O deputado e vice-presidente eleito, Michel Temer, embarca hoje para Buenos Aires, na Argentina, em missão oficial para representar o Congresso brasileiro e leva consigo os dois candidatos declarados à sua sucessão na presidência da Câmara: Henrique Eduardo Alves (PMDB/RN) e Cândido Vaccarezza (PT/SP).
Longe de pressões partidárias, Temer espera fechar o acordo para promover uma sucessão sem turbulências para a presidente eleita, Dilma Rousseff.

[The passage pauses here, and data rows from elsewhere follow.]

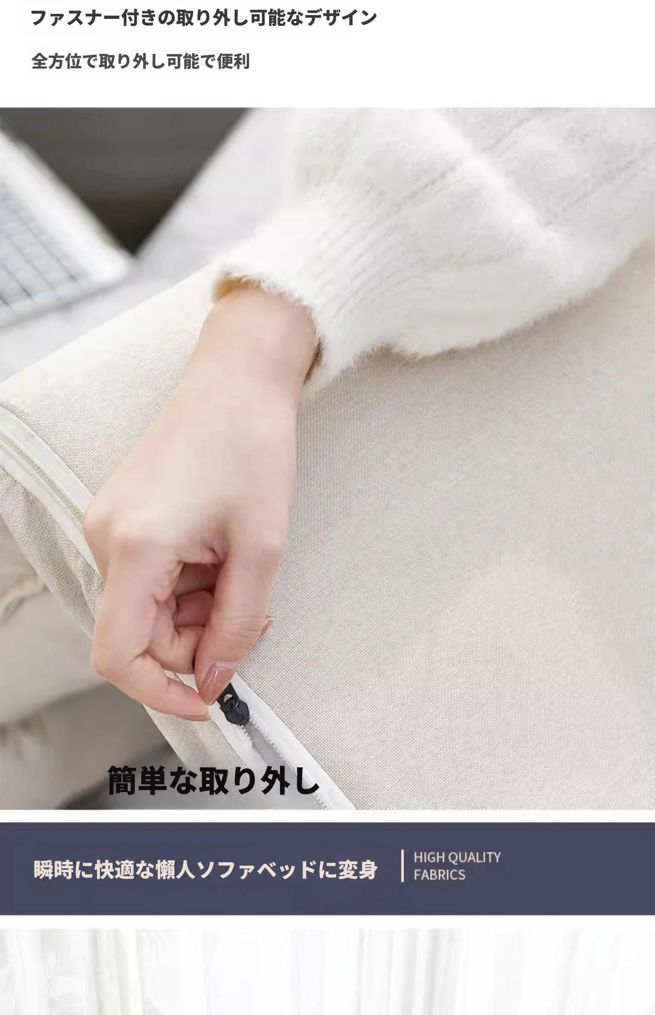 アイボリー - 肌触りの良いコットンリネン【アップグレード版 + 頭部、腰部調節可能】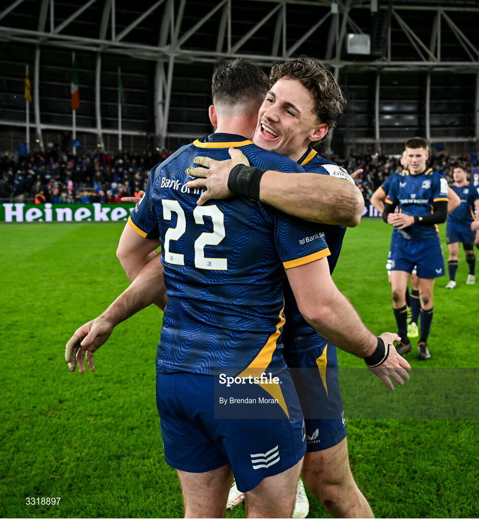 10 January 2026; Joshua Kenny, right, and Harry Byrne, 22, of Leinster celebrate after the Investec Champions Cup match between Leinster and La Rochelle at the Aviva Stadium in Dublin. Photo by Brendan Moran/Sportsfile
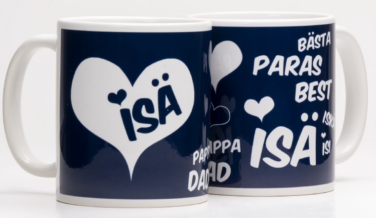ISÄLLE oma muki - valmiiksi painettu - myy sellaisenaan HETI mukaan otettavaksi Konepesun kestävä TEKNISET TIEDOT: n. Ø 80 mm, korkeus 96 mm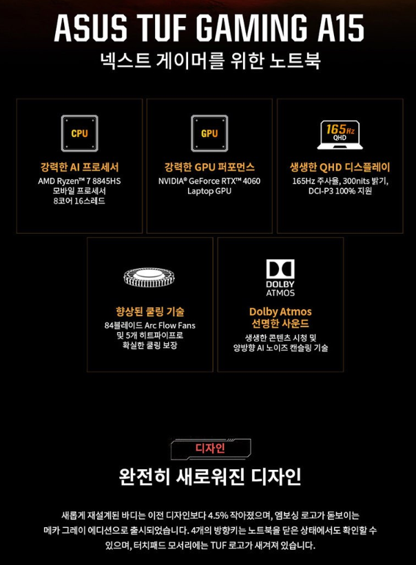에이수스 2024 TUF GAMING A15 라이젠7 라이젠 8000 시리즈 지포스 RTX 4060 바로가기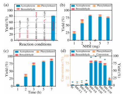 | Fig. 3. (a) Photocatalytic oxidation of ethylbenzene over different reaction conditions. (b) Dependences of oxidation products yield on the NHSI concentration in the ethylbenzene oxidation over BBI-0.85 catalyst. (c) Time-dependence of oxidation products yield over BBI-0.85. (d) Photocatalytic oxidation of ethylbenzene over diverse catalysts. Conditions: 10 mg of catalyst, 0.1 mmol of ethylbenzene, 3 mg of NHSI, 3.0 mL of CH3CN, O2 at 1 atm, room temperature, blue LED light (455 nm, 8 W), 5 h. | |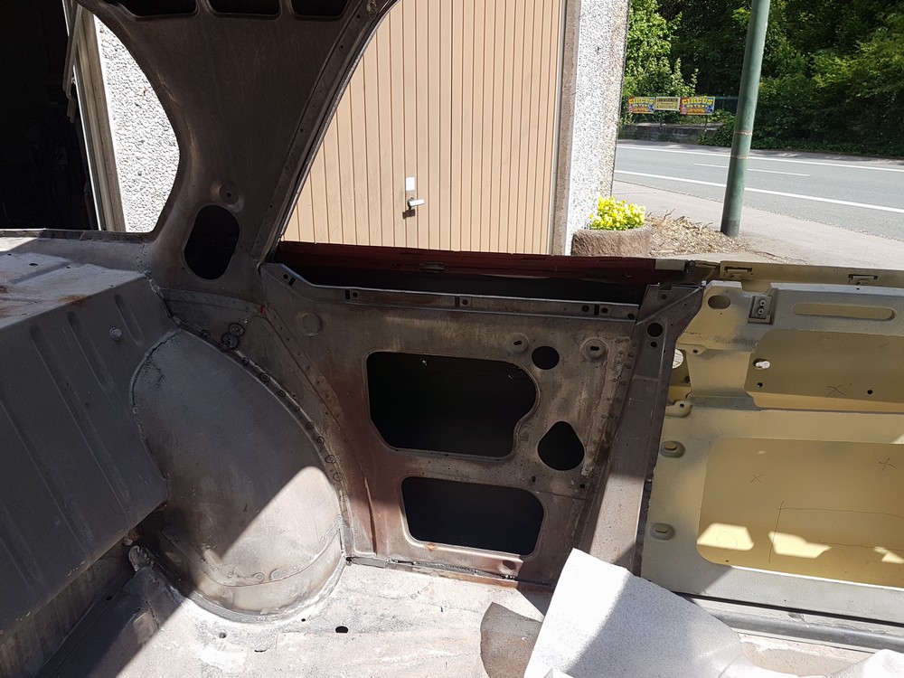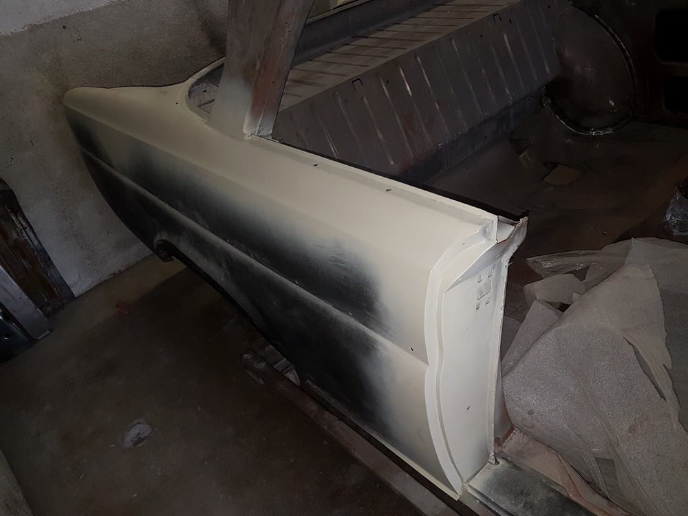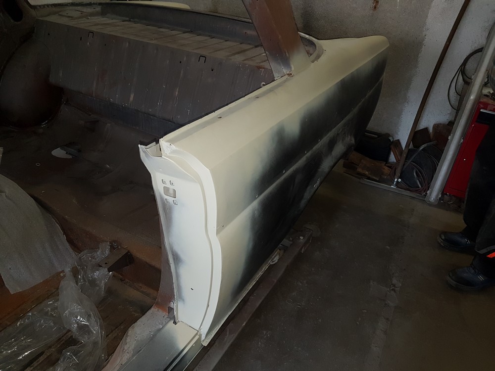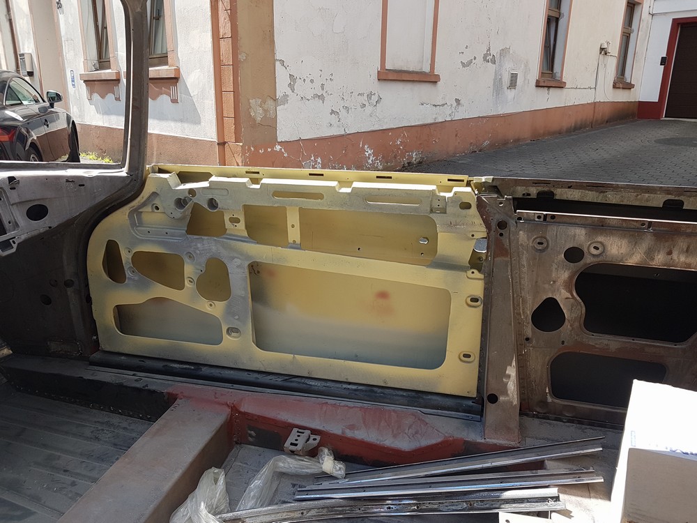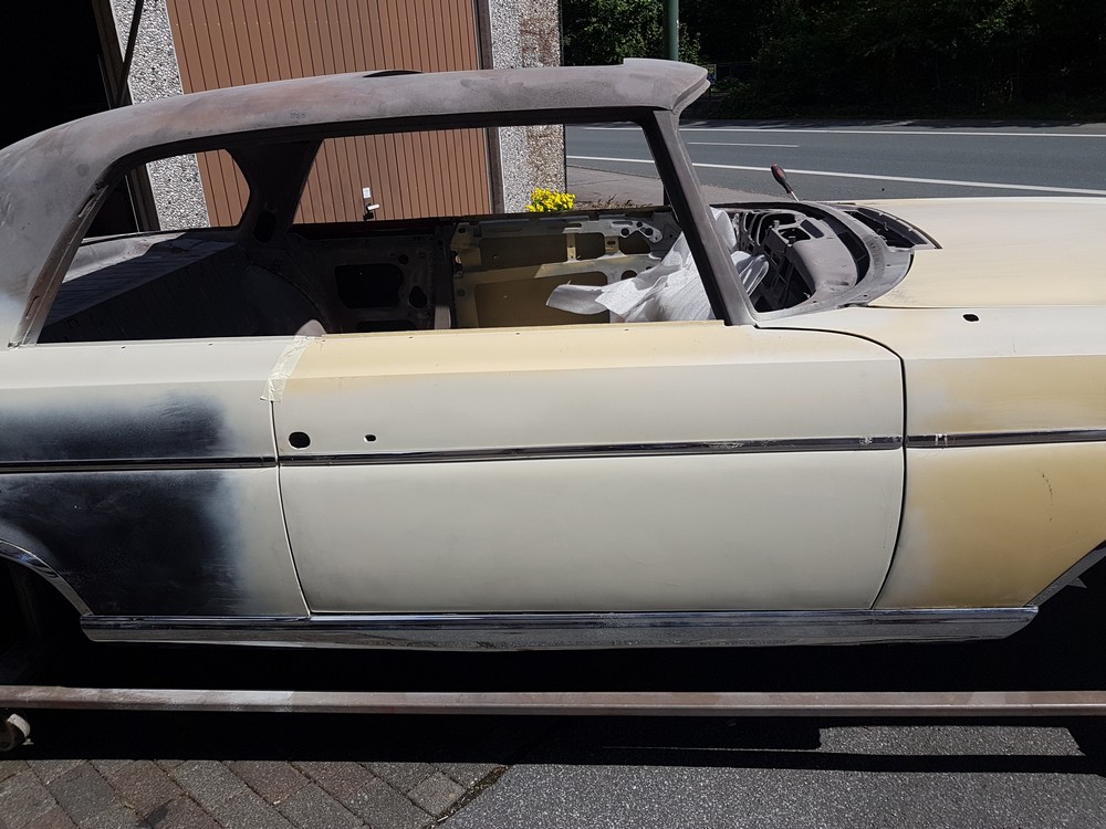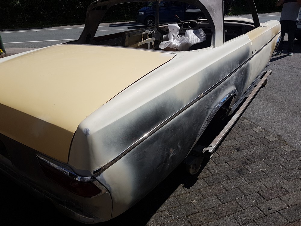 In der letzten Juniwoche 2019 geht die Karosserie nach Nottuln zu Ralf Humberg, dor wird die Karosserie innen wie aussen fein-gestrahlt und 2 x mit Glasurit 801-703 grundiert.

O vice eleito deve aproveitar a proximidade provocada pela viagem a três para ter uma conversa definitiva com Alves e Vaccarezza sobre quem assumirá no primeiro biênio o comando da Câmara, cedendo a vaga ao outro, para completar os dois anos seguintes.
Temer tem argumentos fortes para afastar o risco de uma luta fratricida entre Alves e Vaccarezza. Vai alegar que PT e PMDB iniciam no Executivo sua mais importante parceria política e ela não pode ser comprometida com a disputa, e que ambos devem se comportar como aliados em favor da governabilidade, sem dar margem a candidatos "aventureiros". Ainda persiste entre os governistas o trauma do episódio da eleição de Severino Cavalcanti, depois que petistas se desentenderam na disputa pela presidência da Câmara.
Acordo similar ao proposto agora permitiu que o petista Arlindo Chinaglia assumisse em 2007 o comando da Câmara por dois anos, repassando-o a Temer, em seguida, que obteve assim, base sólida de votos das duas maiores bancadas para vencer a eleição. Desta vez, Vaccarezza teria, em tese, a preferência, mantida a alternância entre os dois maiores partidos no cargo, mas há quem avalie que Alves tem mais poder de aglutinação para garantir o sucesso de projetos e reformas a serem enviados ao Congresso pelo novo governo nesta primeira etapa.
Da capital do tango, Temer deve voltar com os passos da sucessão bem ensaiados, para não haver tropeço sobre o tapete verde da Câmara.